I just can't, as the kids would say these days. You are going to have to trust me that 99.99% of people of average, and slightly below average, intelligence would have clearly seen that my comment was entirely ironic and intended to make the point that hitting isn't ok. Even if they didn't agree, they would have understood what I was saying. If you didn't, well...that was the point. I have explained it for you. You're welcome.
You're really not the Factor 500000 poster? You should look them up. I think the two of you would get on very well.
The whole name for [naughty step] is humiliating and some children absolutely detest it (including mine).
They aren't supposed to like it, ffs. What, you think it's meant to be a reward? (AWOOGA AWOOGA SARCASM SARCASM.) But it is a calm reaction that removes them from the situation to another calm one, gives you a chance to explain what went wrong on their level, and allows them to rejoin when they have demonstrated that they understand what they did and why it was wrong. It
Personally I just call it "time out" as I prefer not to use the term "naughty" if I can avoid it. It's a very natural consequence; you behave badly, you sit outside the action until you can learn to behave better. What more do you need?

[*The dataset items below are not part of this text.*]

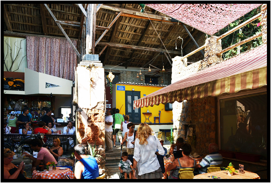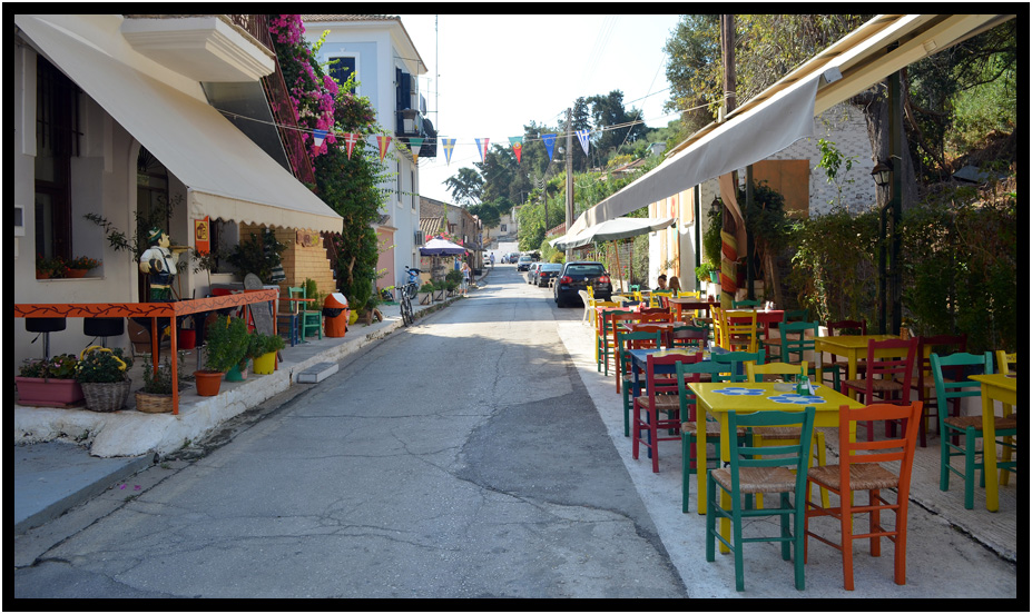 One block of the main street, this side street sidewalk cafe was peaceful and quiet, Katakolon, Greece, 2013.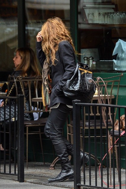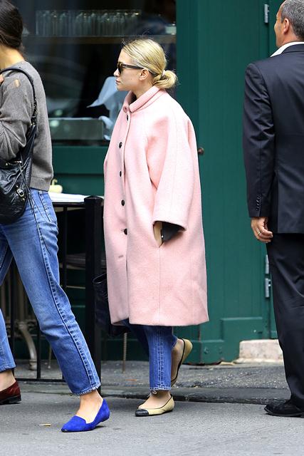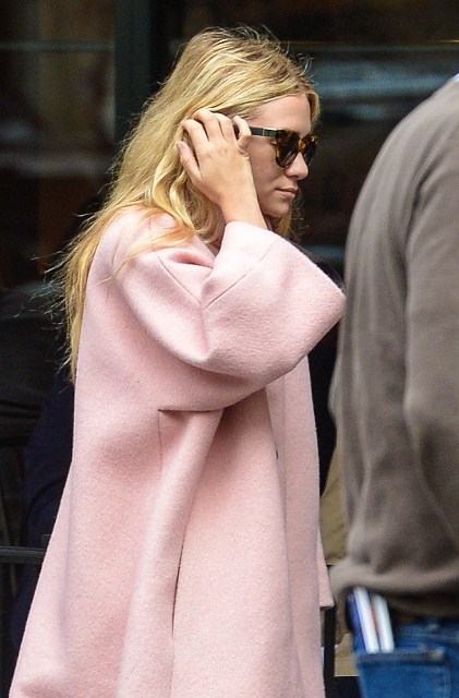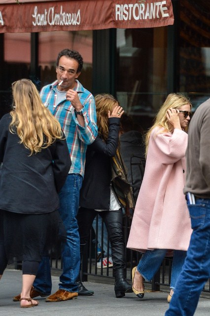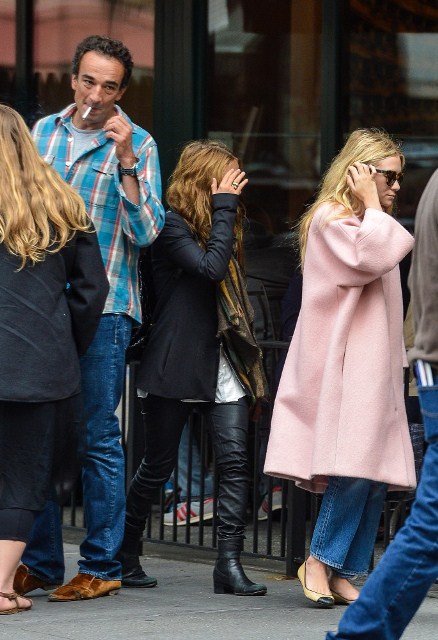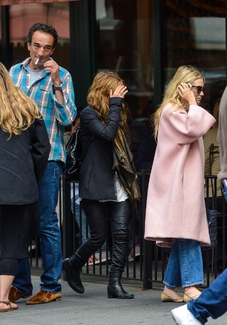 Mary Kate Olsen is dating Olivier Sarkozy. They’ve reportedly moved in together. On Saturday they had brunch with her sister Ashley who, at first glance, looks like she has freakishly small arms in that coat. (Her hands are tucked into the pockets and it’s a weird optical illusion.)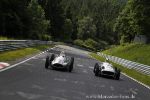 Am Donnerstag, 04. Juli fuhren Nico und Lewis zur Einstimmung auf das deutsche Heimrennen des Teams in einem historischen Silberpfeil vom Typ W 196 respektive W 154 eine Runde auf der Nürburgring Nordschleife. Auf Rennwagen dieser beiden Modelle konnten Juan Manuel Fangio (1954) beziehungsweise Richard Seaman (1938) am Nürburgring gewinnen.
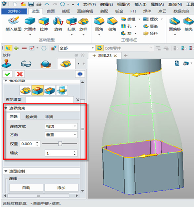 3. 创建出来的曲面与已存在曲面的连接关系可以通过“边界约束”来进行定义。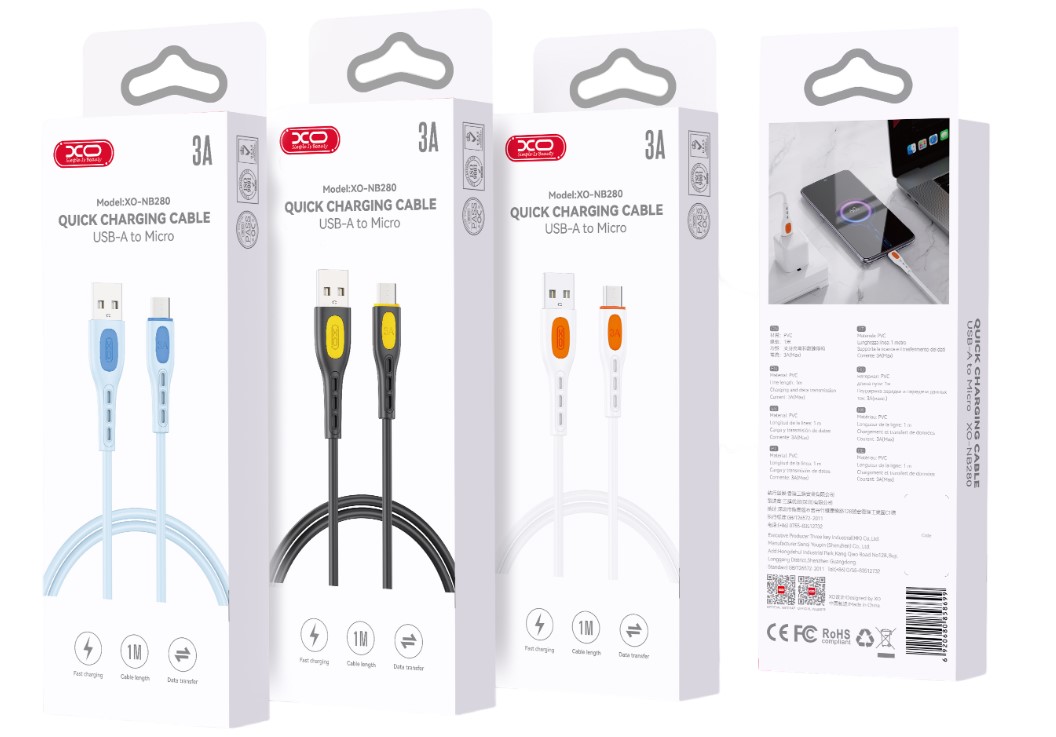 XO NB280 Καλώδιο Δεδομένων Micro 1M 3A Μαύρο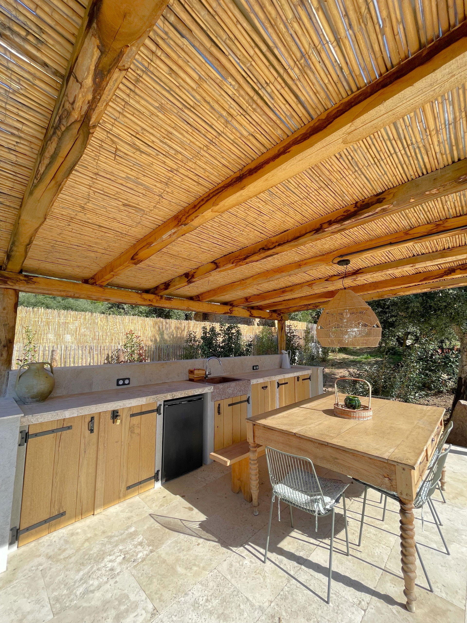 Beautiful fully furnished exterior with shaded kitchen with a refrigerator, dishwasher and electric plancha.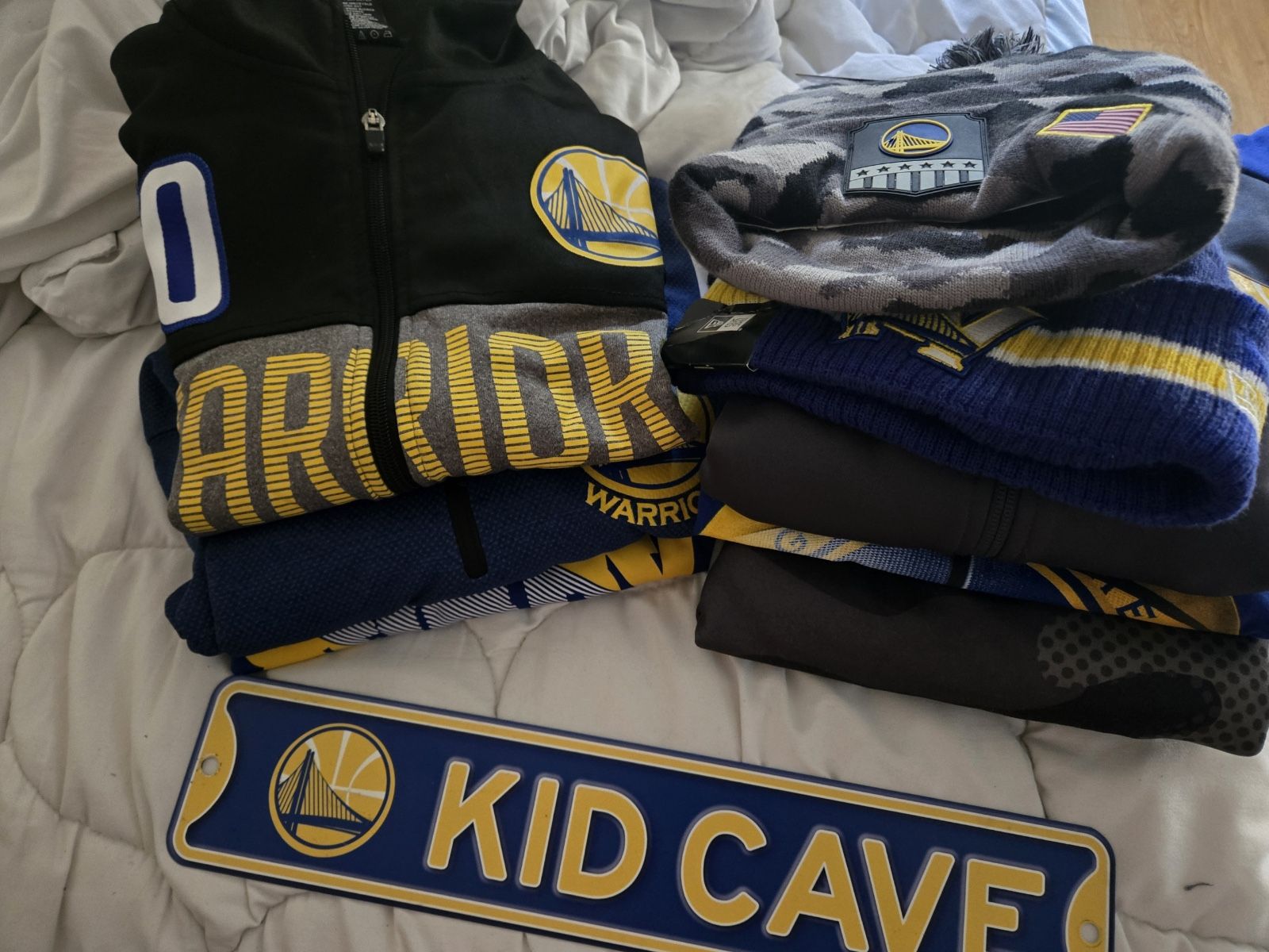 Hello I got 2 new beanies, new shirt ,and 2 new jackets/hoodies. Then I got 4 hats , and 3 hoodies/jackets. All are youth 18/20 or size small men’s sign included too . Please don’t waste my or ur time with low balls, trades, or asking for delivery

The problem with all these threads is that they believe any smack is the worst punishment possible (i.e that a child would not prefer a smack to another punishment, ever). If you speak to children (and I think there may be a difference between boys and girls here) many would rather have a smack than a day's IPad ban (for instance).And, many who were smacked believe that it did them no harm, if the punishment was applied consistently and not cruelly (i.e not a beating).
The fact that you have to explicitly state that you don't mean a hearing because you know so many smackers can't tell the difference and that their nasty philosophy justifies one as much as the other... Nobody has suggested that a smack is worse than, say, a full beating with an implement. But we are saying that it is violent, that it is counterproductive, that it is hypocritical, that many people justify it by saying they "just snapped" which is profoundly NOT how parental discipline is supposed to work, that it is extremely open to being interpreted as more intense physical punishment, that there are sadists who like it (and have commented here), that it is lazy and that it is harmful and stupid. Because it is.
If kids do prefer a smack to losing the iPad for a day then clearly the latter is the better deterrent. With the added benefit that they might use the time instead to read a book or do a craft, which is probably better. And, of course, that you didn't teach them violence is ok, but to learn self control. Because apparently that doesn't count with some people.
For someone who's not in favour of smacking, you aren't half invested in defending it.